### Data to use
···

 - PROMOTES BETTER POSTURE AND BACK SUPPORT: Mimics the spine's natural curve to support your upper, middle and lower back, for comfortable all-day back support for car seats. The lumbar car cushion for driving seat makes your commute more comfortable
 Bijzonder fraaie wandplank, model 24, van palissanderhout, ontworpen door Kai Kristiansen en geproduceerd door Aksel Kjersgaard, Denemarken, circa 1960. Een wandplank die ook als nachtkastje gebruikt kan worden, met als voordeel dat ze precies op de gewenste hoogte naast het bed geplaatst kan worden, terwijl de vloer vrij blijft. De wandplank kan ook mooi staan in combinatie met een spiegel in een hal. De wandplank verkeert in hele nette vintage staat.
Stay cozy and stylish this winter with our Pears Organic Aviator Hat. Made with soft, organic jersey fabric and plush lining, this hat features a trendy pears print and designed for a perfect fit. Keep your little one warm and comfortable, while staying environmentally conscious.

···

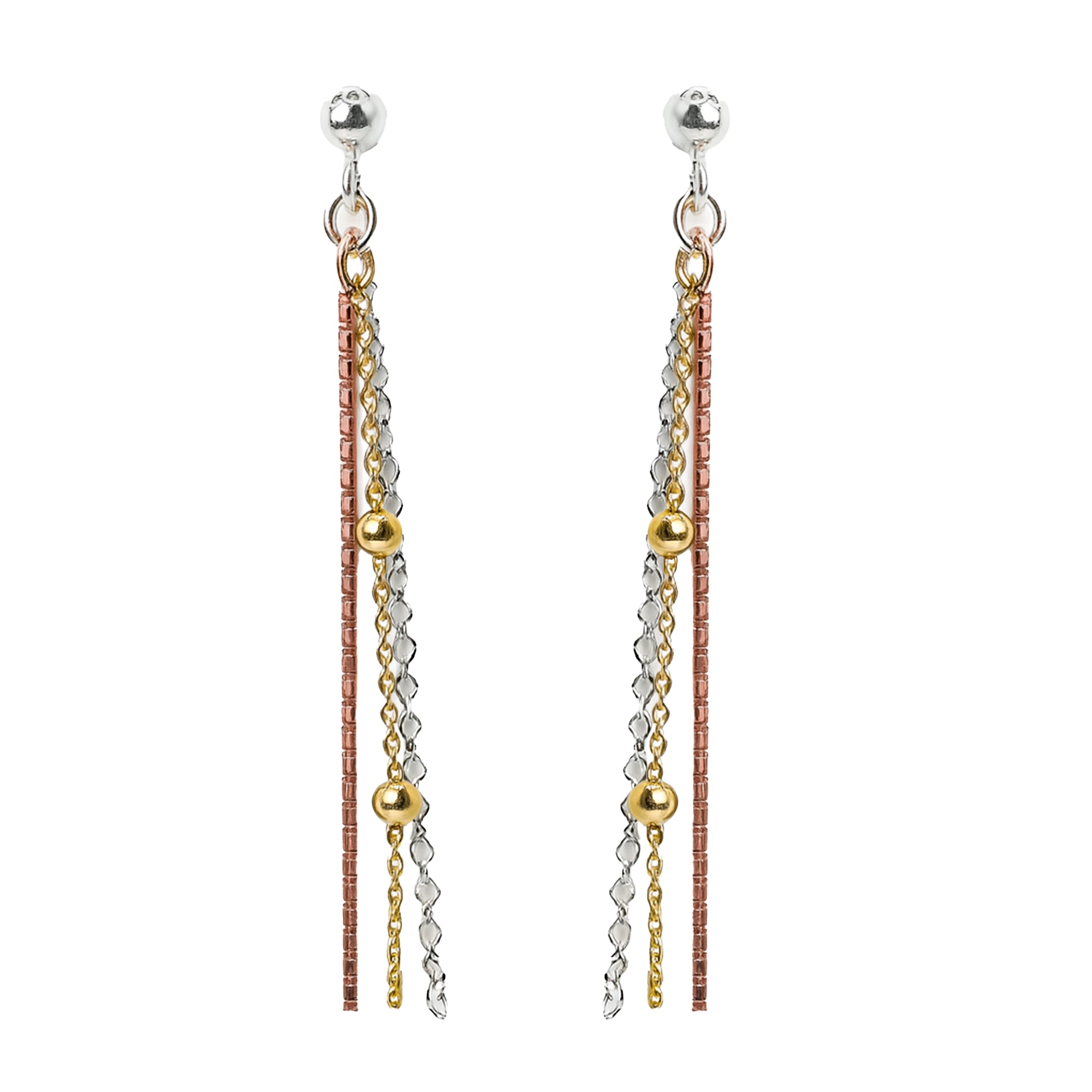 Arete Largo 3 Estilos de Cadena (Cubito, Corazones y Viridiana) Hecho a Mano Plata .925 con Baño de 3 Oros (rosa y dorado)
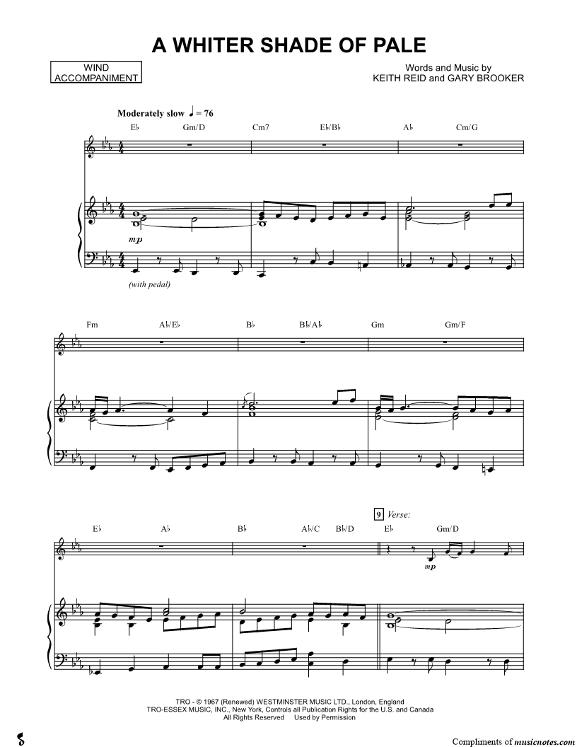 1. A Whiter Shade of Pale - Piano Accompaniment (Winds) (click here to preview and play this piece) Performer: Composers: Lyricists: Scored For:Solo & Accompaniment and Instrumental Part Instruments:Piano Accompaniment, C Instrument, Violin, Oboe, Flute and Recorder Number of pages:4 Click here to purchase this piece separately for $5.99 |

···

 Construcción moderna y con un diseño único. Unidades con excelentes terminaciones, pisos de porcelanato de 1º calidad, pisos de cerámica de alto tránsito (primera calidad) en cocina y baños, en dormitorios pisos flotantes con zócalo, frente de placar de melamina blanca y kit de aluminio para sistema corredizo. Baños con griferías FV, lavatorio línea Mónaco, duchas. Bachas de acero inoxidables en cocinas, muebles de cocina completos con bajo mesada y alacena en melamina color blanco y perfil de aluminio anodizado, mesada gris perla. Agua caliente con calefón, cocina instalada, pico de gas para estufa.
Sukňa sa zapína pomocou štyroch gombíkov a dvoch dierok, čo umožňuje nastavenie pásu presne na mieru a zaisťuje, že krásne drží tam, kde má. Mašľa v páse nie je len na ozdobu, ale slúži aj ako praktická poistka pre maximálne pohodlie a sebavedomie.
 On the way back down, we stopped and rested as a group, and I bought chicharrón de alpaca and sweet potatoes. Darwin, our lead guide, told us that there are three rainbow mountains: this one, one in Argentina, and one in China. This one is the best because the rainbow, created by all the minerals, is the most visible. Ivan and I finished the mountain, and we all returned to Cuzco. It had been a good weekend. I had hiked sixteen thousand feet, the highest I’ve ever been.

···

### Activity
Look through the listing, and copy each line in which the string "your" turns up.

### Response for this exercise
 - PROMOTES BETTER POSTURE AND BACK SUPPORT: Mimics the spine's natural curve to support your upper, middle and lower back, for comfortable all-day back support for car seats. The lumbar car cushion for driving seat makes your commute more comfortable
Stay cozy and stylish this winter with our Pears Organic Aviator Hat. Made with soft, organic jersey fabric and plush lining, this hat features a trendy pears print and designed for a perfect fit. Keep your little one warm and comfortable, while staying environmentally conscious.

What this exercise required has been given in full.